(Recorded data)
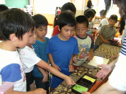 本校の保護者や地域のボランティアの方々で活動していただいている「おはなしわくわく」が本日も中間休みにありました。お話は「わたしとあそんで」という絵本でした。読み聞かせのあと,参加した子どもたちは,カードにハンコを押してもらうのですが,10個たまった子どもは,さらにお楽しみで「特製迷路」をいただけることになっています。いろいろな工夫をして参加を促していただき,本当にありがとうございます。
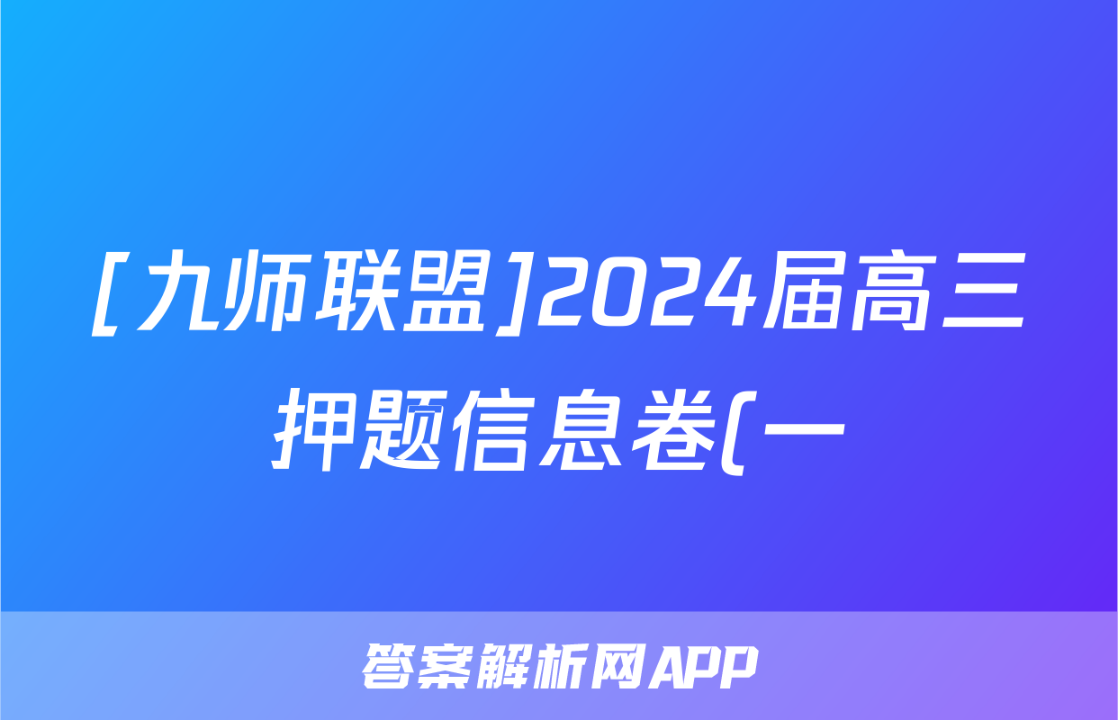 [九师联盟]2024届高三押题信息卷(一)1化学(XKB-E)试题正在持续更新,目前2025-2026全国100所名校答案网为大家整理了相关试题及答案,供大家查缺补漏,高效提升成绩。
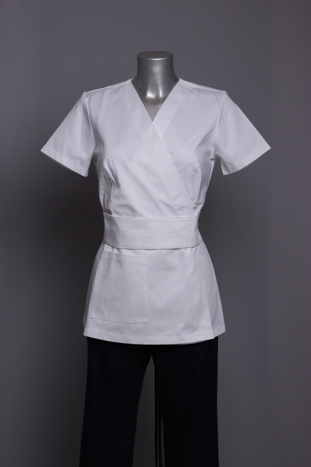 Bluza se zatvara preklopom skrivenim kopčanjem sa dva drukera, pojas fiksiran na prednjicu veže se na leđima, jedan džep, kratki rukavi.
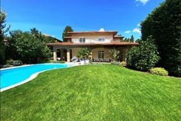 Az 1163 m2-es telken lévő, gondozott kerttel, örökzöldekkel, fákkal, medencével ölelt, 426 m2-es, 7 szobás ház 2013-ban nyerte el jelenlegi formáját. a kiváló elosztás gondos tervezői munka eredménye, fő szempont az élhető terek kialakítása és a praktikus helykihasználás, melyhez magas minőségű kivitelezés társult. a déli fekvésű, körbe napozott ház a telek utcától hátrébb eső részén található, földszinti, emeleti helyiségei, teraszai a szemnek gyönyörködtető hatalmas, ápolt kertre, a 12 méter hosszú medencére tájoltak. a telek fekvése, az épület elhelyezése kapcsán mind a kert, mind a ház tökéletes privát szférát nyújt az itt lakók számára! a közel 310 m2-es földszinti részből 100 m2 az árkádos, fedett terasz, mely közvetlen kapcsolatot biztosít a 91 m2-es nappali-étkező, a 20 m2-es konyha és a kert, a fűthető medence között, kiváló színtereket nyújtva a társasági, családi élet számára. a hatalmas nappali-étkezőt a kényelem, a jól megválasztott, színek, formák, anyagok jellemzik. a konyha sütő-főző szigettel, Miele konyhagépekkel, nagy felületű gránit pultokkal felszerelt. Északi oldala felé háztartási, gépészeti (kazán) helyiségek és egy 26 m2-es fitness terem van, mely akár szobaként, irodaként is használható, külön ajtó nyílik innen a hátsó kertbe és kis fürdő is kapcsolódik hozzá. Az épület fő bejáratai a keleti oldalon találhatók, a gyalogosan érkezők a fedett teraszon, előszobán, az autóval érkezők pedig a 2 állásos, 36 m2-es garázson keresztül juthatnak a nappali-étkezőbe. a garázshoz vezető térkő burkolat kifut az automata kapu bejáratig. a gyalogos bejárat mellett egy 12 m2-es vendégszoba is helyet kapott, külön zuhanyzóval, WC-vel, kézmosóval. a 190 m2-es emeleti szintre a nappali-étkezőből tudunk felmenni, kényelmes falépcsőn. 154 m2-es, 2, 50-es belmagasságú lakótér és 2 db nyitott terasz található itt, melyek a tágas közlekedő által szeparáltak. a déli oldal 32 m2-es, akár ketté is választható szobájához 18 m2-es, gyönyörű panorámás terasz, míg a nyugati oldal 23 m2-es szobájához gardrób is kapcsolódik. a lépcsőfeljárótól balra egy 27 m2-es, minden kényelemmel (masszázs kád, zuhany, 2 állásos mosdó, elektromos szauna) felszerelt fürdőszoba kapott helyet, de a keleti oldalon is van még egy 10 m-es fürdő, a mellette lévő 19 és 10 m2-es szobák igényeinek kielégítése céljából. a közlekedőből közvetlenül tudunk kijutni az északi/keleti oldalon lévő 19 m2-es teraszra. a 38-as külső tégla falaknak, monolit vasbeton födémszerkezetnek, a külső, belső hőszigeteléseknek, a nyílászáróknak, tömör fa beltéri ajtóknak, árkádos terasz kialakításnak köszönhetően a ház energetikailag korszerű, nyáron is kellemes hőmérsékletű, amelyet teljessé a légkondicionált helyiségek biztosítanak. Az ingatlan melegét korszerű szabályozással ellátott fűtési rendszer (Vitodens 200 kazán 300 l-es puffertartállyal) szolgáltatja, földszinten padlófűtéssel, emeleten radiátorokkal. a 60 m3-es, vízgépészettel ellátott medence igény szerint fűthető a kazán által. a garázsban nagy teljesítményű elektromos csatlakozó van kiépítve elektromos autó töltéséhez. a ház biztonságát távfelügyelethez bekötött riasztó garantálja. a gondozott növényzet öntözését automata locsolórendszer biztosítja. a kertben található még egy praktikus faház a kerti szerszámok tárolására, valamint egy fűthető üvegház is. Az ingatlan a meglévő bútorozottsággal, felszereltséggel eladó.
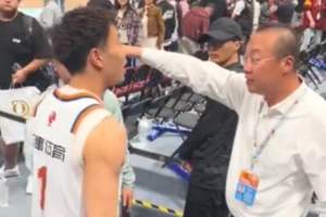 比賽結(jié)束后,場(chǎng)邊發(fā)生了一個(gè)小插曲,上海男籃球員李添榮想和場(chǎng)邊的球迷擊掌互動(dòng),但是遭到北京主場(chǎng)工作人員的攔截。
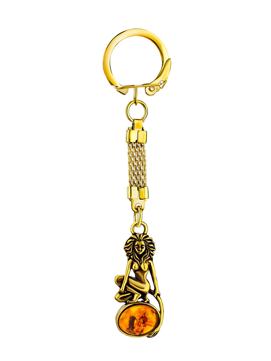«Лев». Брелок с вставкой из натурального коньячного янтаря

- _Exercise_: Since pictures are not part of the copy, set down only the remaining data exactly.

- _Answer space_:
 本校の保護者や地域のボランティアの方々で活動していただいている「おはなしわくわく」が本日も中間休みにありました。お話は「わたしとあそんで」という絵本でした。読み聞かせのあと,参加した子どもたちは,カードにハンコを押してもらうのですが,10個たまった子どもは,さらにお楽しみで「特製迷路」をいただけることになっています。いろいろな工夫をして参加を促していただき,本当にありがとうございます。
 [九师联盟]2024届高三押题信息卷(一)1化学(XKB-E)试题正在持续更新,目前2025-2026全国100所名校答案网为大家整理了相关试题及答案,供大家查缺补漏,高效提升成绩。
 Bluza se zatvara preklopom skrivenim kopčanjem sa dva drukera, pojas fiksiran na prednjicu veže se na leđima, jedan džep, kratki rukavi.
 Az 1163 m2-es telken lévő, gondozott kerttel, örökzöldekkel, fákkal, medencével ölelt, 426 m2-es, 7 szobás ház 2013-ban nyerte el jelenlegi formáját. a kiváló elosztás gondos tervezői munka eredménye, fő szempont az élhető terek kialakítása és a praktikus helykihasználás, melyhez magas minőségű kivitelezés társult. a déli fekvésű, körbe napozott ház a telek utcától hátrébb eső részén található, földszinti, emeleti helyiségei, teraszai a szemnek gyönyörködtető hatalmas, ápolt kertre, a 12 méter hosszú medencére tájoltak. a telek fekvése, az épület elhelyezése kapcsán mind a kert, mind a ház tökéletes privát szférát nyújt az itt lakók számára! a közel 310 m2-es földszinti részből 100 m2 az árkádos, fedett terasz, mely közvetlen kapcsolatot biztosít a 91 m2-es nappali-étkező, a 20 m2-es konyha és a kert, a fűthető medence között, kiváló színtereket nyújtva a társasági, családi élet számára. a hatalmas nappali-étkezőt a kényelem, a jól megválasztott, színek, formák, anyagok jellemzik. a konyha sütő-főző szigettel, Miele konyhagépekkel, nagy felületű gránit pultokkal felszerelt. Északi oldala felé háztartási, gépészeti (kazán) helyiségek és egy 26 m2-es fitness terem van, mely akár szobaként, irodaként is használható, külön ajtó nyílik innen a hátsó kertbe és kis fürdő is kapcsolódik hozzá. Az épület fő bejáratai a keleti oldalon találhatók, a gyalogosan érkezők a fedett teraszon, előszobán, az autóval érkezők pedig a 2 állásos, 36 m2-es garázson keresztül juthatnak a nappali-étkezőbe. a garázshoz vezető térkő burkolat kifut az automata kapu bejáratig. a gyalogos bejárat mellett egy 12 m2-es vendégszoba is helyet kapott, külön zuhanyzóval, WC-vel, kézmosóval. a 190 m2-es emeleti szintre a nappali-étkezőből tudunk felmenni, kényelmes falépcsőn. 154 m2-es, 2, 50-es belmagasságú lakótér és 2 db nyitott terasz található itt, melyek a tágas közlekedő által szeparáltak. a déli oldal 32 m2-es, akár ketté is választható szobájához 18 m2-es, gyönyörű panorámás terasz, míg a nyugati oldal 23 m2-es szobájához gardrób is kapcsolódik. a lépcsőfeljárótól balra egy 27 m2-es, minden kényelemmel (masszázs kád, zuhany, 2 állásos mosdó, elektromos szauna) felszerelt fürdőszoba kapott helyet, de a keleti oldalon is van még egy 10 m-es fürdő, a mellette lévő 19 és 10 m2-es szobák igényeinek kielégítése céljából. a közlekedőből közvetlenül tudunk kijutni az északi/keleti oldalon lévő 19 m2-es teraszra. a 38-as külső tégla falaknak, monolit vasbeton födémszerkezetnek, a külső, belső hőszigeteléseknek, a nyílászáróknak, tömör fa beltéri ajtóknak, árkádos terasz kialakításnak köszönhetően a ház energetikailag korszerű, nyáron is kellemes hőmérsékletű, amelyet teljessé a légkondicionált helyiségek biztosítanak. Az ingatlan melegét korszerű szabályozással ellátott fűtési rendszer (Vitodens 200 kazán 300 l-es puffertartállyal) szolgáltatja, földszinten padlófűtéssel, emeleten radiátorokkal. a 60 m3-es, vízgépészettel ellátott medence igény szerint fűthető a kazán által. a garázsban nagy teljesítményű elektromos csatlakozó van kiépítve elektromos autó töltéséhez. a ház biztonságát távfelügyelethez bekötött riasztó garantálja. a gondozott növényzet öntözését automata locsolórendszer biztosítja. a kertben található még egy praktikus faház a kerti szerszámok tárolására, valamint egy fűthető üvegház is. Az ingatlan a meglévő bútorozottsággal, felszereltséggel eladó.
 比賽結(jié)束后,場(chǎng)邊發(fā)生了一個(gè)小插曲,上海男籃球員李添榮想和場(chǎng)邊的球迷擊掌互動(dòng),但是遭到北京主場(chǎng)工作人員的攔截。
«Лев». Брелок с вставкой из натурального коньячного янтаря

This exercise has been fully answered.